Confirm everything landed:

ollama list

Continue will only see models that appear here, so pull before you connect.

Step 2: install the Continue extension

Open VS Code.
Press Cmd+Shift+X (Ctrl+Shift+X on Windows and Linux) to open Extensions.
Search for “Continue”.
Install the official extension by Continue Dev, Inc. Be exact: there are lookalikes.
Restart VS Code if it prompts you.

A setup wizard appears on first run. It can feel intimidating; take the defaults and tune later.

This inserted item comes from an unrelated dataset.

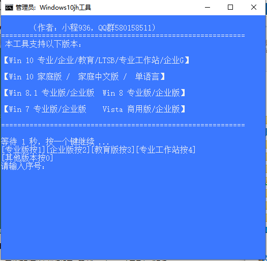 2、选择电脑对应的版本进行激活,[专业版按1]、[企业版按2]、[教育版按3]、[专业工作站按4]、[其他版本按0],

Step 3: point Continue at your local model

In the wizard:

Choose Ollama as the provider. It auto-detects if Ollama is running.
Choose a model. Continue lists your installed Ollama models. Pick the coder model you pulled, for example qwen2.5-coder:7b.
Optionally select an embeddings model for codebase search: nomic-embed-text.

For full control, Continue’s config lives at ~/.continue/config.yaml. This file is the unsung hero of the whole setup: model presets, a cloud fallback, and codebase context settings, all in one version-controllable place. A working starting point:

name: My Continue Config
models:
  - name: Local Qwen Coder
    provider: ollama
    model: qwen2.5-coder:7b
  - name: Claude (when needed)
    provider: anthropic
    model: claude-sonnet-4-5
    apiKey: <env var or secret>
embeddingsProvider:
  provider: ollama
  model: nomic-embed-text

The local model is your default. The cloud entry is there for the occasional hard problem, switchable per session from the model picker.

Step 4: prove it works

Open a real codebase, not a toy file. Then run through the three things Continue does.

Chat. Press Cmd+L (Ctrl+L) to open the chat panel and ask:

Explain the entry point of this codebase.

A good answer means the local model and the connection are working.

Inline edit. Select a function, press Cmd+I (Ctrl+I), and describe a change, for example “refactor this to use async/await.” Continue shows a diff. Accept or reject it.

Inline completion. Type a new function signature, pause, and watch it suggest the body as you write. If completion is off, toggle it in settings.

Throughout, watch your network indicator. It stays quiet. The model is on your machine.

Why use two models for completion and chat?

The single most useful thing to understand here: completion and chat want different models. Inline completion fires constantly and needs to be fast, so a small model (1.5B to 3B) keeps it responsive. Chat happens deliberately and benefits from a stronger model, so a 7B or larger coder model is the better choice there. Configure both in config.yaml and assign each to its role. This is the difference between completions that feel sluggish and completions that nearly match cloud Copilot.

What are the common Continue.dev problems?

Picking the wrong model for your hardware. A 32B model on 16GB of RAM will crawl. Start with 7B coder models and only go bigger if your machine has the headroom.
One model doing both jobs. See the two-model trick above. A single large model makes completion feel slow; a single small model makes chat feel weak.
Codebase context needs the embeddings model. Without nomic-embed-text (or another embeddings model), “where is X defined” style questions cannot search your repo.
Models do not appear. Continue only lists what Ollama has. Run ollama list and pull anything missing.
Slash commands hide good features. /edit, /comment, /test and others are powerful but easy to miss. Read the docs at https://docs.continue.dev to find them.
A .continue folder in a repo can carry project-specific overrides. Handy for teams, occasionally surprising when settings differ between projects.

The honest trade-off is latency. On modest hardware, a large local model for completion can feel laggy. The two-model split is the fix, not a workaround. And if you are on a JetBrains IDE, know that its Continue plugin lags the VS Code one on features, though it is improving.

Where to go next

This reuses the same Ollama backend as the rest of a local AI stack, so you have already done the foundational work. From here, the natural next step is a coding agent that can read your whole repo, make edits, and commit them, pointed at the same model. That is its own Playbook.

You now have Copilot’s experience in your editor, answered by a model on your own machine, with no subscription and no code leaving your laptop.